When Keith Bass became president and CEO of WCI Communities in late 2012, the company was rebounding from a bankruptcy declared four years earlier.

Bass, a veteran of the Florida real estate industry, liked what he saw in the company. It was a luxury homebuilder in a state with strong demand for high-end homes. Although it had gone through turbulent times, he didn’t think the company really needed to rethink what it had always done.

“There wasn’t a whole lot that needed to be fixed,” he said. “It’s not like we were building something that wasn’t resonating.”

WCI is once again making strong gains in the housing industry. Revenues were at $407 million last year, up about 28 percent from the year before. The industry trade publication Builder ranked it 56th on its list of biggest builders nationwide in 2015. Three years ago, it didn’t crack the top 100. 

“We’re better than we’ve been in 20 years,” he said.

Bass has overseen the resurgence of WCI while refocusing its mission.

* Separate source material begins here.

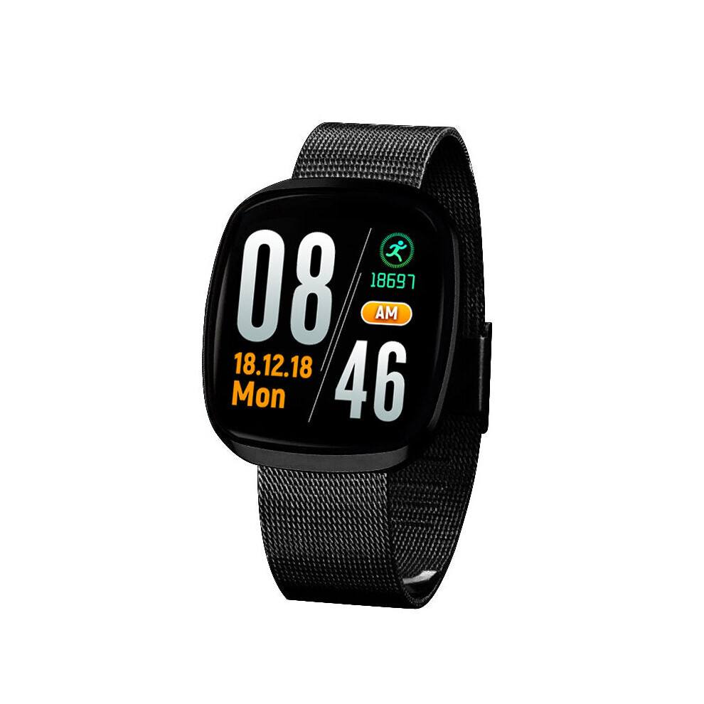 (Black) Milanese Steel Full Touch Custom Watch Face Blood Pressure Smart Watch

Its specialty is active-adult communities, luxury second homes and move-up houses. He’s trying to stay away from some of the issues that got the homebuilder into trouble. It won’t be as involved in condo tower development as heavily as before. And, it’s sticking to Florida. 

WCI once had communities up the East Coast, but after selling the out-of-state properties during restructuring, its sole focus is on Florida. At the end of last year, it had about 12,600 home sites, and it’s continuing to expand statewide with new developments on the east coast as far north as Jacksonville. 

With Baby Boomers continuing to flock south, Bass sees plenty of opportunity in the Sunshine State.

“There’s not a need or push for us to go outside Florida,” he said. The bulk of WCI’s communities are in the Naples-Fort Myers area, and Bass still sees Southwest Florida as prime territory. However, the days of constructing massive new developments are numbered, as attractive contiguous land is limited. He sees home prices in Collier County, in particular, continuing to climb as demand remains strong and supply starts to slow.

“What draws people to Southwest Florida won’t change,” he said. “It will just get better.”

—Justin Paprocki

 

 


Image by Craig Hildebrand

The Healing Touch

#39 Saluscare Inc. CEO: Kevin Lewis

Treating individuals with mental health and/or substance abuse issues often requires care beyond standard hospitalization. Kevin Lewis, CEO of SalusCare Inc., says in the past, when patients were hospitalized overnight for an incident that stemmed from substance abuse, the next day “they would be seen by a doctor, they would be lucid and they would be fine, and then they would be released with a suggestion to seek help. Which they rarely would do.”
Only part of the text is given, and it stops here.